Moreover, while a one hour reaction time at 90 °C produced a yield of 87% (entry 6, Table 1), the substitution reaction carried out, at the same temperature, in 30 minutes yielded compound 4 in 85% yield (entry 7, Table 1). Since the reaction time is a crucial aspect for optimizing the conditions for preparing a suitable [¹⁸F] radiotracer (t_1/2 [¹⁸F] = 109.8 min), we decided that these were the optimal conditions for preparation of compound 4. So, in a typical experiment, the porphyrin 3 was dissolved in CH₃CN, after which a THF solution of TBAF was added. The reaction mixture was left to react at 90 °C for 30 min. After workup the desired fluorinated porphyrin 4 (Scheme 1c) was obtained in 85% yield.

In order to acquire the purity and efficiency of the nucleophilic substitution reaction, HPLC apparatus equipped with an analytical column was used to optimize the separation conditions of porphyrins 3 and 4, using the HPLC conditions depicted in Fig. 1.

Fig. 1 HPLC chromatograms of porphyrins 3 and 4. Conditions: 98% methanol: 2% ammonium formate buffer 0.1 M (pH = 7.2) and 1 mL min⁻¹ flux.

Optimization of separation conditions gave a retention time of 5–6 min for 3, while for fluorinated porphyrin 4 a retention time of 7–8 min was achieved. Moreover, the conditions for HPLC separation using a semi-preparative column were also optimized. In this case, in optimum conditions, the retention time of 3 was 9–10 min (550–650 s) and for 4 a retention time of 13–14 min (800–900 s) was achieved (Fig. 2).

Fig. 2 HPLC chromatogram of porphyrins 3 and 4, obtained using a semi-preparative column. Conditions: 98% methanol: 2% ammonium formate buffer 0.1 M (pH = 7.2) and flux of 8 mL min⁻¹.

2.2. [¹⁸F] radiolabeling: synthesis of porphyrin [¹⁸F]-4

Once checked the “cold” conditions for the synthesis of the fluorinated meso-tetraphenyl substituted porphyrin, the reaction was translated to an automated radiosynthesis process. A modification of the standard Hamacher method was used.²⁴ Aqueous [¹⁸F]fluoride was produced by the irradiation of H₂¹⁸O via the ¹⁸O(p,n)¹⁸F nuclear reaction in a cyclotron. Resolubilization of the aqueous [¹⁸F]fluoride was accomplished using Kryptofix₂₂₂ and K₂CO₃ in a conical vial and azeotropically removing water with acetonitrile in a stream of nitrogen. Finally, the dried [¹⁸F]KF was placed into anhydrous CH₃CN, followed by the addition of a solution of porphyrin 3 in CH₃CN. Then, the solution was sealed and kept at 100 °C for 25 min (Scheme 2).

Scheme 2 Synthesis of fluoro-labeled porphyrin 4[¹⁸F].
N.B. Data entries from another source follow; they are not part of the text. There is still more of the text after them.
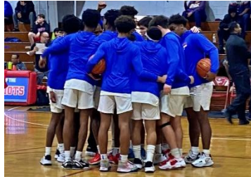
STATE CHAMPIONS 2012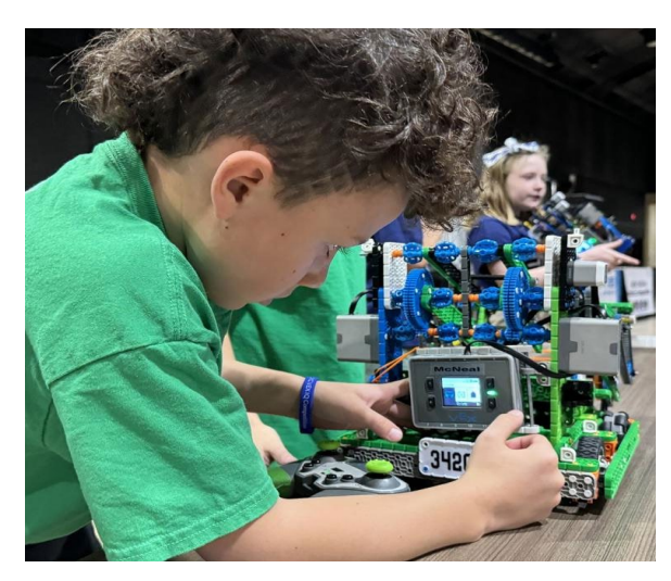
Adding Options for Science Technology Engineering and Math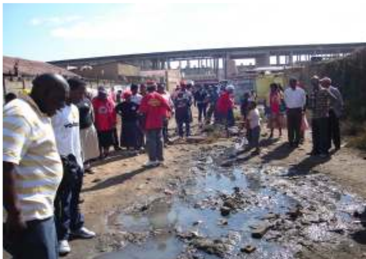
Raw sewage in Kliptown (birthplace of the Freedom Charter) in 2008.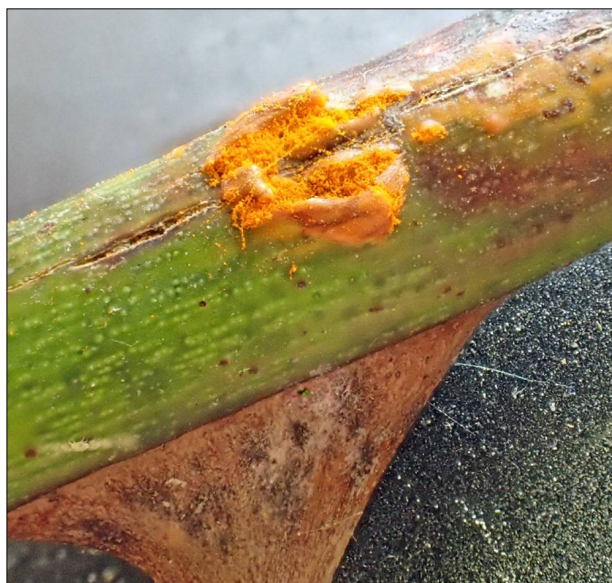
Right: Phragmidium mucronatum (NF)

Another of the same rust genus was noticed on Rosa sp (possibly Dog Rose) and appears not to have been recorded here previously.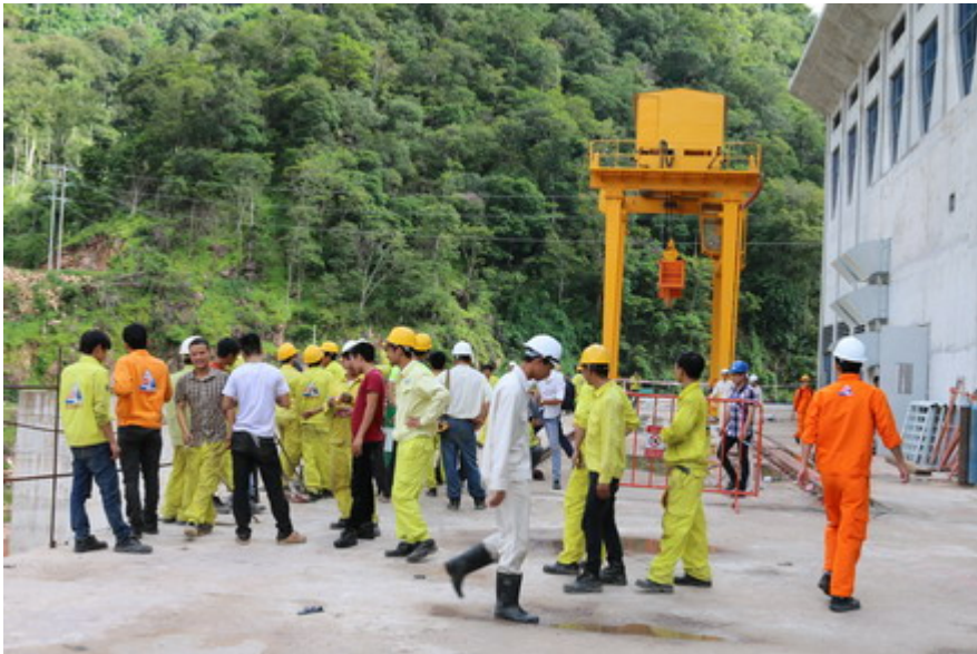
Staffs and official express delight at operation of Unit 1

Unit 1 of Xekaman 1 Hydropower Plant has design capacity of 145MW out of 326MW of Xekaman 1 HPP. All the electro-mechanical equipments of Xekaman 1 Hydropower Plant (290MW) and Xekaman XanXay (36MW) are supplied by ANDRITZ Hydro from Austria – one of the leading electro – mechanical supplier in the world.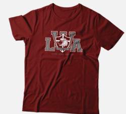
SPIRIT SHIRT For jean days, field trips, and special occasions.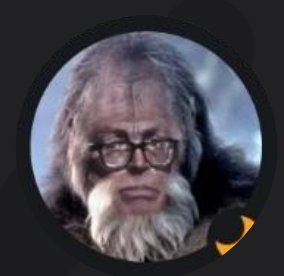
Drelor Dev Team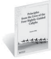
Principles from the Lives of the Four Rightly-Guided Caliphs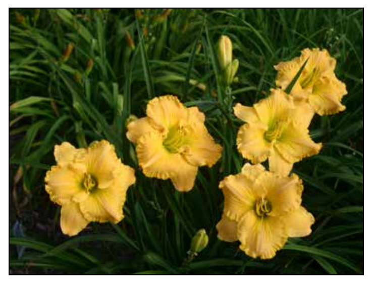
H. 'Empire Queen' (Carpenter-J. 2003)

Perhaps the most impressive clump in the Sweetland garden was a planting of H . 'Tidewater Elf' (Holmes-S. 2012). The numerous blooms open on the day of our tour helped it to garner the 2017 President's Cup, awarded to the most impressive clump seen in a tour garden. But this 5" clear golden yellow tetraploid with lightly ruffled petals and a touch of tangerine on its sepals was beautiful in several gardens. I counted eighteen blooms open, but there may have been more.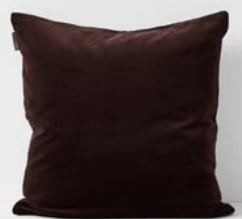
LUXURY VELVET CUSHION IN FIG $59.95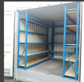
JLG 10ft – Container Storage Solution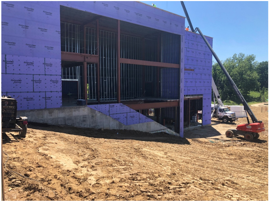
Figure 29 – Exterior Sheathing Is Ongoing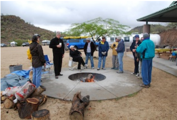
Morning Around the Fire Pit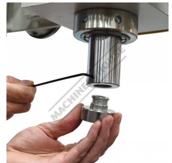
Includes Removable Ram Top Cap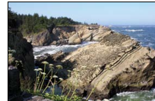
South View from Shore Acres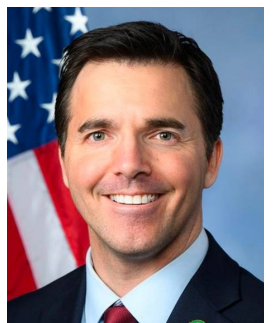
JEFF JACKSON DEMOCRAT

The AG leads the Dept. of Justice, which protects consumers, defends state agencies, and advises local law enforcement.

Quality control of the mixture was performed in a HPLC apparatus, equipped with an analytical column, UV-vis detector and activity detector, using the conditions previously obtained for the corresponding non-labeled fluorinated porphyrin (Fig. 3).

Fig. 3 HPLC chromatogram the reaction mixture after radiolabelling with [¹⁸F]. Conditions: 98% methanol: 2% ammonium formate buffer 0.1 M (pH = 7.2) and flux of 1 mL min⁻¹.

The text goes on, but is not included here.